To o czym piszemy można łatwo zweryfikować. Jeśli rząd i naukowcy, którzy mu doradzają to prawdziwi eksperci, to dlaczego nie wprowadzono specjalnych działań od razu, gdy w Chinach rozpoczęła się ta grypa?
Czekano na reakcję ludzi. Gdy wystąpił pierwszy przypadek w Polsce to nagle rząd zaczął wprowadzać nowe prawo — i to nie prawo przygotowane zawczasu, ale naprędce sklecone przepisy, które wyglądają jak napisane „na kolanie”.
Zamykanie uczelni nie wyniknęło z przemyśleń mędrców danej akademii, ale było wynikiem podążania za paniką sprowokowaną przez polityków.
Oczywiście nie możemy wykluczyć, że rząd w tajemnicy tworzył jakieś rozwiązania z odpowiednim wyprzedzeniem, i nie informował ludzi, by nie siać paniki. To nadal jest dowód naszej tezy: społeczeństwem rządzą emocje (głównie lęki) a nie racjonalna i opanowana refleksja. Jeśli rząd to zakłada w swych działaniach to przyznaje, że problemem nie jest wirus, ale głupota i ludzkie lęki.
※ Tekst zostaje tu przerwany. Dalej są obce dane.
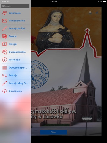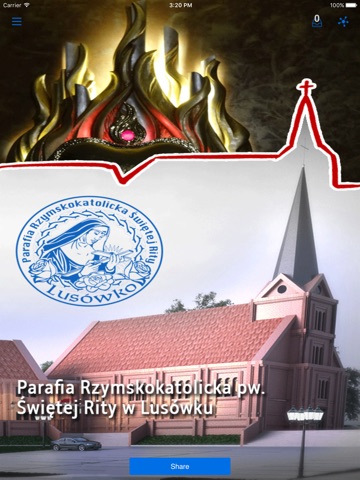 Aplikacja zawiera informacje z Parafii Rzymskokatolickiej pod wezwaniem Świętej Rity w Lusówku pod Poznaniem. Aplikacja przeznaczona jest dla parafian oraz wszystkich osób, które zainteresowane są aktualnymi wydarzeniami w parafii. Moduł powiadomień jest definiowany przez użytkownika co pozwala na dostosowanie tematyki wiadomości do indywidualnych preferencji.

Co można zrobić? Chyba nic. Większość stada w panice może nawet skoczyć w przepaść jeśli owa czeluść wabić będzie iluzją bezpieczeństwa. My możemy pisać i krzyczeć, ale zostaniemy zignorowani przez większość, a to ona ma „rację” w demokracji…

Wygląda więc na to, że najgroźniejsza epidemia świata, ma się dobrze, i wciąż brak na nią leku. Mamy na myśli epidemię głupoty i lęków.

Edytowano: 08.02.2022 r., 21.06.2023 r.